Deleting Directories

The standard library offers the following functions for deleting directories:

  • os.rmdir()
  • pathlib.Path.rmdir()
  • shutil.rmtree()

To delete a single directory or folder, use os.rmdir() or pathlib.rmdir(). These two functions only work if the directory you’re trying to delete is empty. If the directory isn’t empty, an OSError is raised. Here is how to delete a folder:

import os

trash_dir = 'my_documents/bad_dir'

try:
    os.rmdir(trash_dir)
except OSError as e:
    print(f'Error: {trash_dir} : {e.strerror}')

Here, the trash_dir directory is deleted by passing its path to os.rmdir(). If the directory isn’t empty, an error message is printed to the screen:

>>>
Traceback (most recent call last):
  File '<stdin>', line 1, in <module>
OSError: [Errno 39] Directory not empty: 'my_documents/bad_dir'

Alternatively, you can use pathlib to delete directories:

from pathlib import Path

trash_dir = Path('my_documents/bad_dir')

try:
    trash_dir.rmdir()
except OSError as e:
    print(f'Error: {trash_dir} : {e.strerror}')

Here, you create a Path object that points to the directory to be deleted. Calling .rmdir() on the Path object will delete it if it is empty.

Deleting Entire Directory Trees

To delete non-empty directories and entire directory trees, Python offers shutil.rmtree():

import shutil

trash_dir = 'my_documents/bad_dir'

try:
    shutil.rmtree(trash_dir)
except OSError as e:
    print(f'Error: {trash_dir} : {e.strerror}')

Everything in trash_dir is deleted when shutil.rmtree() is called on it. There may be cases where you want to delete empty folders recursively.
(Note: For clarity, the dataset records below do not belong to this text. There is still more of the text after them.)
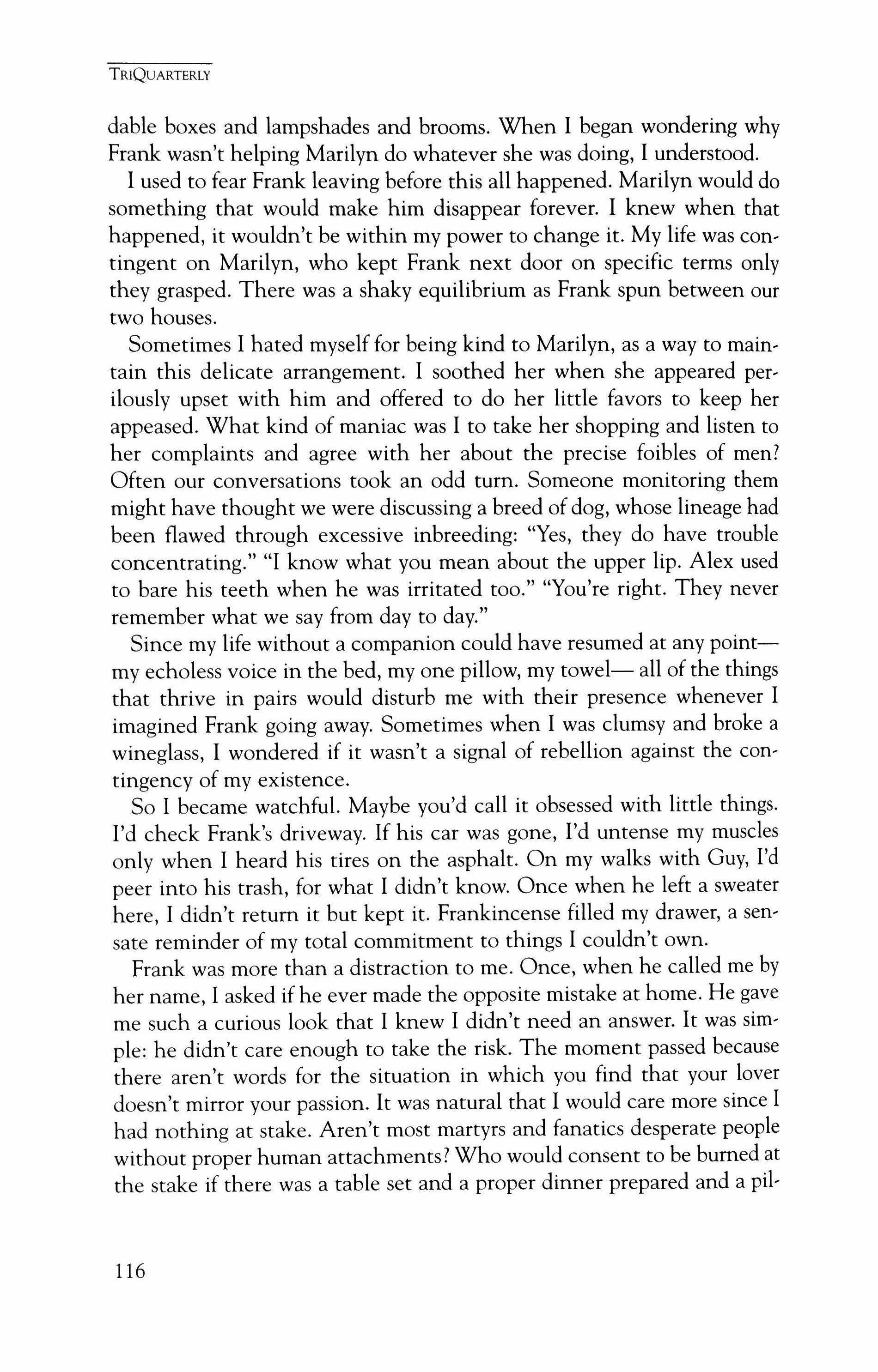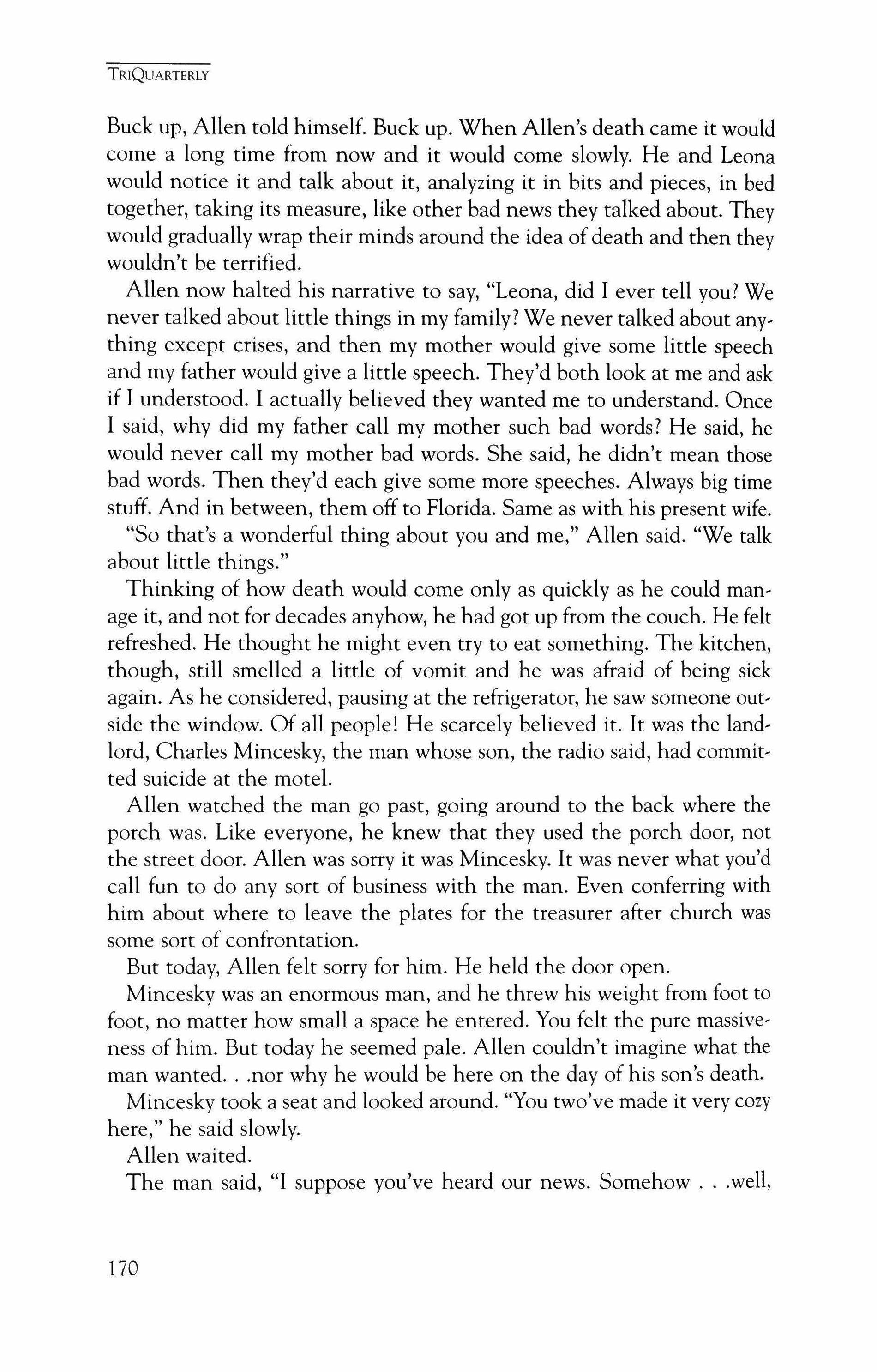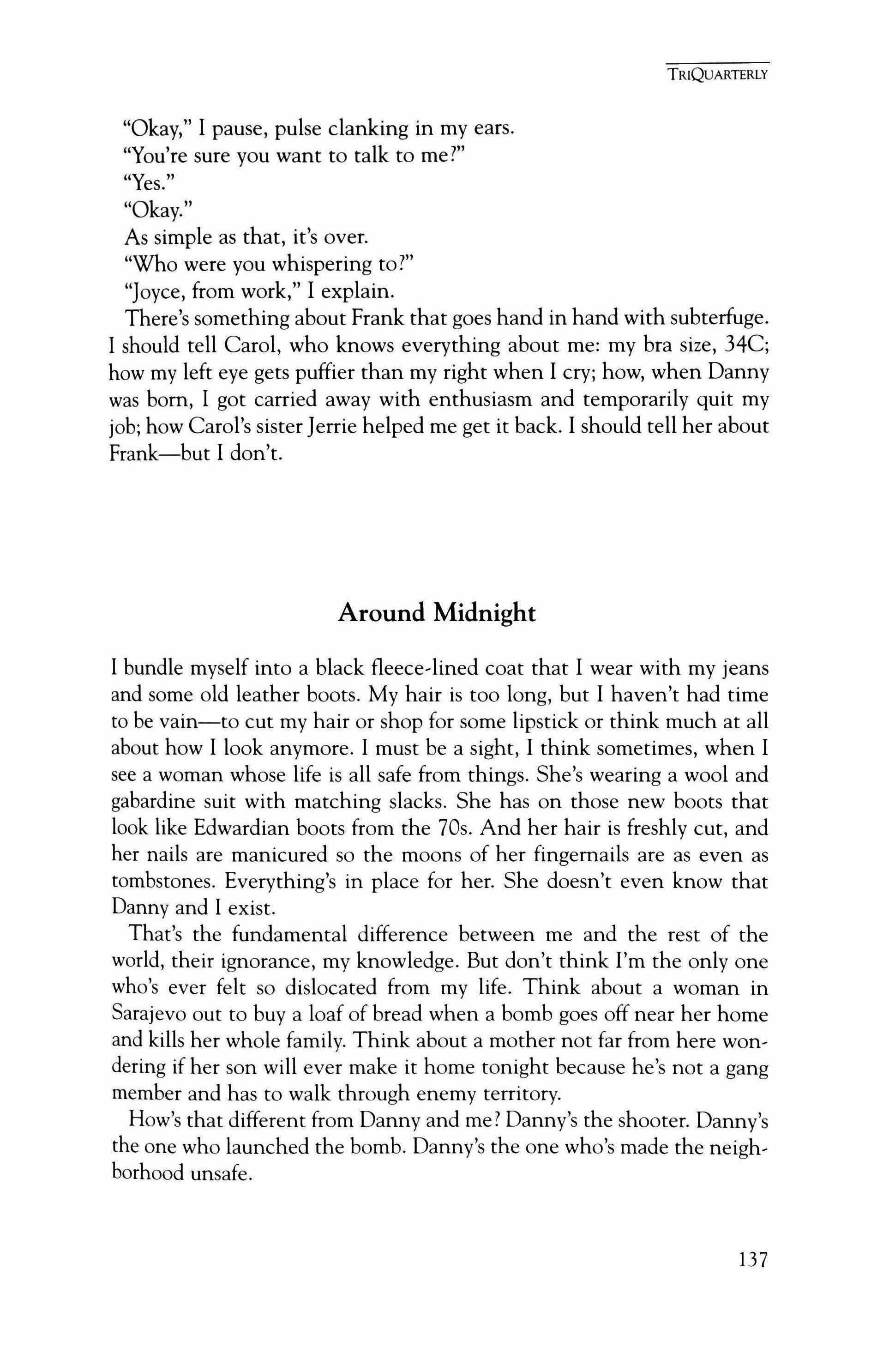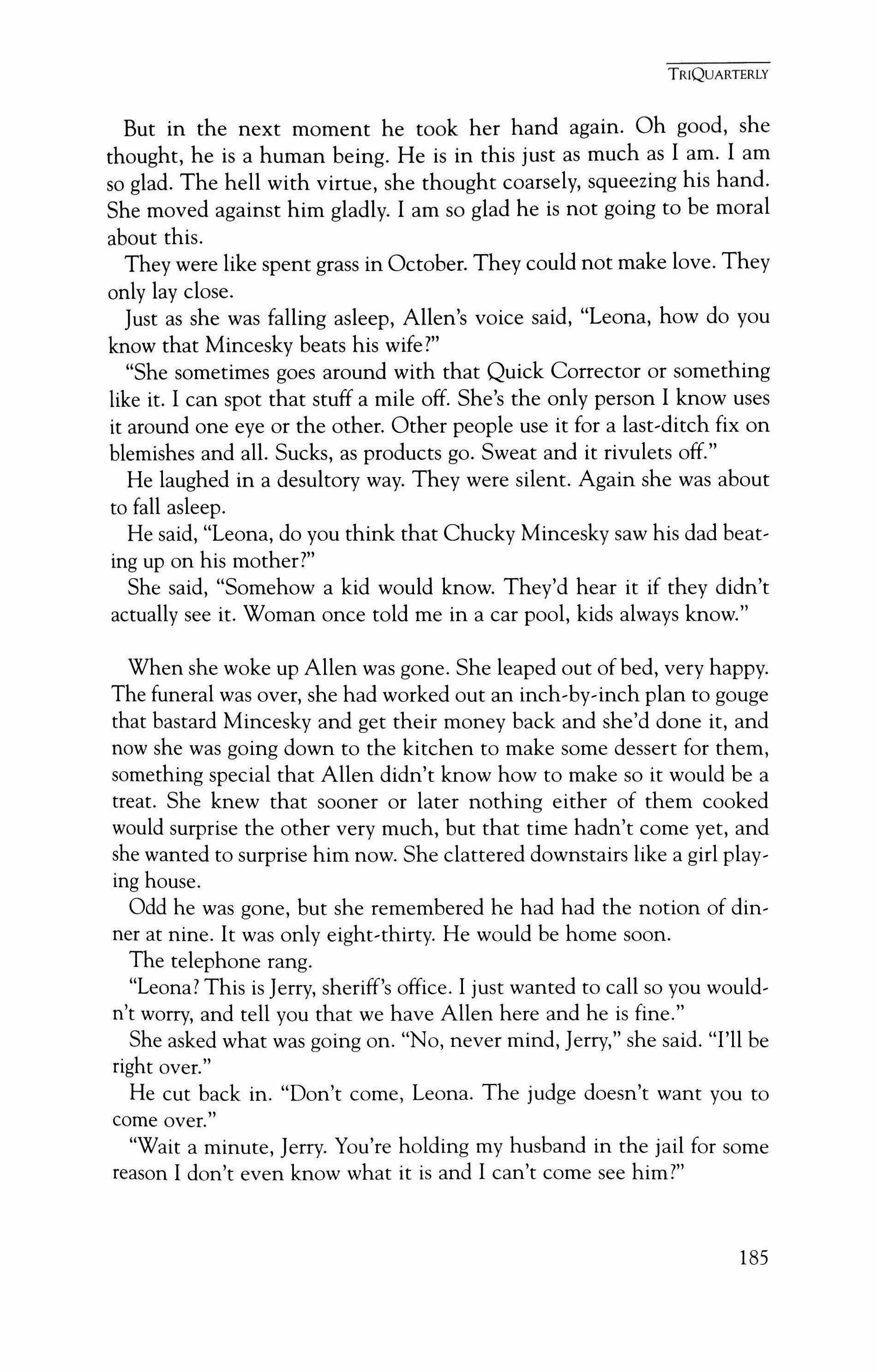 The awnings cast green shadows on the gray concrete. Crossing that green shadow before his door, Tommy felt the day's questions slip away. He didn't care if some prisoner starved himself or whether Darby sold his life story three times over. He slipped open the door and wrapped the stillness around himself. Arlette was sleeping, and her sleeping cast a spell of dreaming over the house. From the kitchen faint voices, first a man talking rapidly, then a women laughing. Tommy's skin crawled, but it was just the portable TV perched akimbo on the window sill. The kitchen smelled of apples and cinnamon. Arlette lay on top of the unmade bed in her loose dress with her arms over her head. There were dark circles around her closed eyes.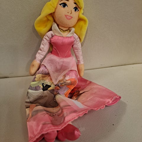 Disney Prinsessa pehmolelu, jossa pitkät vaaleat hiukset ja vaaleanpunainen mekko, pehmeä materiaali.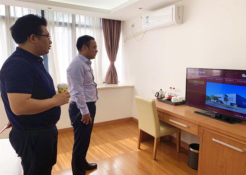 三是应用智能产品,打造智慧客房。总务处携手创新创业学院试点升级部分客房,客人无需手工操作,通过语音即可实现自动开启和关闭灯光、电视、空调、窗帘、播放音乐和新闻,获得全新的智能体验。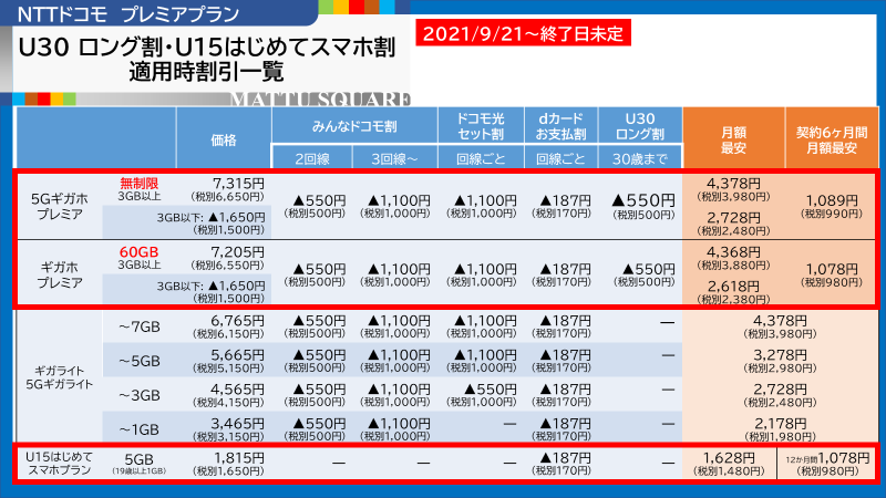 NTTドコモは、無制限の「5Gギガホ プレミア」などを対象に、30歳の誕生日まで550円の割引が続く「U30 ロング割」を提供しています。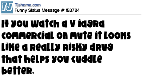 X  If you watch a V iagra commercial on mute it looks like a really risky drug that helps you cuddle better.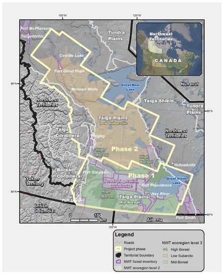 The nearly 400,000 km2 study area is mostly located in the NWT portion of the Taiga Plains Ecozone (Figure 1). The MVI project initially encompassed much of the High Boreal and Mid-Boreal ecoregions [29] in the southern part of the Taiga Plains (also known as Phase 1, ~151,700 km2, Figure 1), which include forests with potential for both business and community-based development. In 2013, the project was extended further north to include more of the High Boreal Ecoregion and to add the Low Subarctic Ecoregion as well as transition areas at the fringes of the Taiga Shield/Cordillera (also known as Phase 2, 244,000 km2, Figure 1). Phases 1 and 2 overlapped with 14 GNWT Forest Vegetation Inventories (FVIs) that already existed in the area (24% of Phase 1, 4% of Phase 2). These aerial photo-interpreted FVIs are of wide-ranging vintage, from the 1970s to the 2010s. The Taiga Plains is a 550,000 km2 area of low-lying plains, half of which are peatlands and one-fifth of which is water, centred on the Mackenzie River, Canada’s longest river, called Dehcho by the Dene, the original people of this region. It has short, cool summers with a mean temperature in July around 15 °C and long, cold winters with a mean January temperature around −25 °C. Precipitation is low to moderate, averaging 250 to 500 mm per year [29]. Snow and ice cover persist for 6 to 8 months a year. The Taiga Plains contains diverse forest stand conditions, ranging from wet open stands of black spruce (Picea mariana (Mill.) Britton, Sterns & Poggenb) occasionally interspersed with tamarack (Larix laricina (Du Roi) K. Koch) and medium closed stands of jack pine (Pinus banksiana Lamb.), to closed mixedwood stands dominated by aspen (Populus tremuloides Michx.), poplar (Populus balsamifera L.), and black or white spruce (Picea glauca (Moench) Voss) [29] (see Figures 2 and 3 in van der Sluijs et al. [12]).
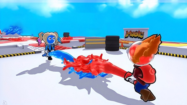 1、玩家要控制颜料的喷射方向,成功命中对手就能造成伤害,还能给周围的事物染上不同的颜色。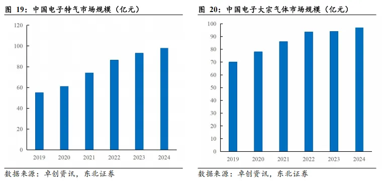 同时,结合电子特气下游需求占比,并参考卓创资讯历史数据,预计2024年中国电子特气市场规模为98亿元,电子大宗气体市场规模为97亿元。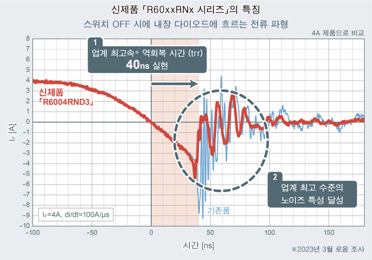 로옴의 PrestoMOS™ 시리즈는 로옴의 독자적인 특허 기술을 통해 기생 다이오드를 고속화함으로써, 중요 특성인 역회복 시간 (trr)에서 업계 최고 속도를 실현하였습니다. 그러나, 통상적으로 다이오드의 고속성으로 인해 급격한 전류 변화가 발생하여 발진이 커지는 경향이 있습니다.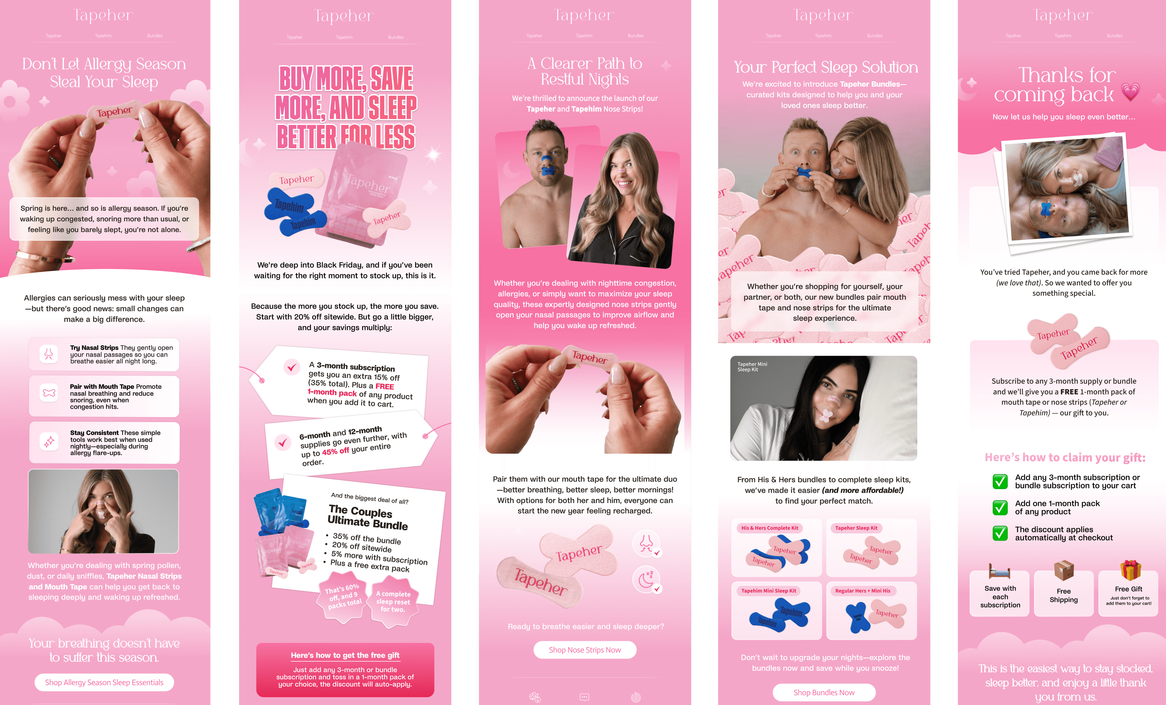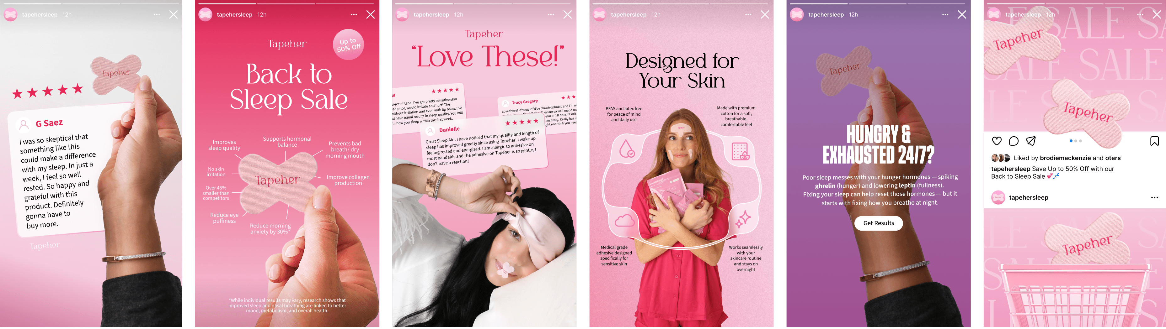 Tapeher is a female-founded sleep brand focused on making good rest feel easy. I work with the founders on the full mix of creative of ROAS-friendly ads, email flows, web visuals and packaging.

You can do this using one of the methods discussed above in conjunction with os.walk():

import os

for dirpath, dirnames, files in os.walk('.', topdown=False):
    try:
        os.rmdir(dirpath)
    except OSError as ex:
        pass

This walks down the directory tree and tries to delete each directory it finds. If the directory isn’t empty, an OSError is raised and that directory is skipped. The table below lists the functions covered in this section:

Function Description
os.remove() Deletes a file and does not delete directories
os.unlink() Is identical to os.remove() and deletes a single file
pathlib.Path.unlink() Deletes a file and cannot delete directories
os.rmdir() Deletes an empty directory
pathlib.Path.rmdir() Deletes an empty directory
shutil.rmtree() Deletes entire directory tree and can be used to delete non-empty directories

Copying, Moving, and Renaming Files and Directories

Python ships with the shutil module. shutil is short for shell utilities. It provides a number of high-level operations on files to support copying, archiving, and removal of files and directories. In this section, you’ll learn how to move and copy files and directories.

Copying Files in Python

shutil offers a couple of functions for copying files. The most commonly used functions are shutil.copy() and shutil.copy2(). To copy a file from one location to another using shutil.copy(), do the following:

import shutil

src = 'path/to/file.txt'
dst = 'path/to/dest_dir'
shutil.copy(src, dst)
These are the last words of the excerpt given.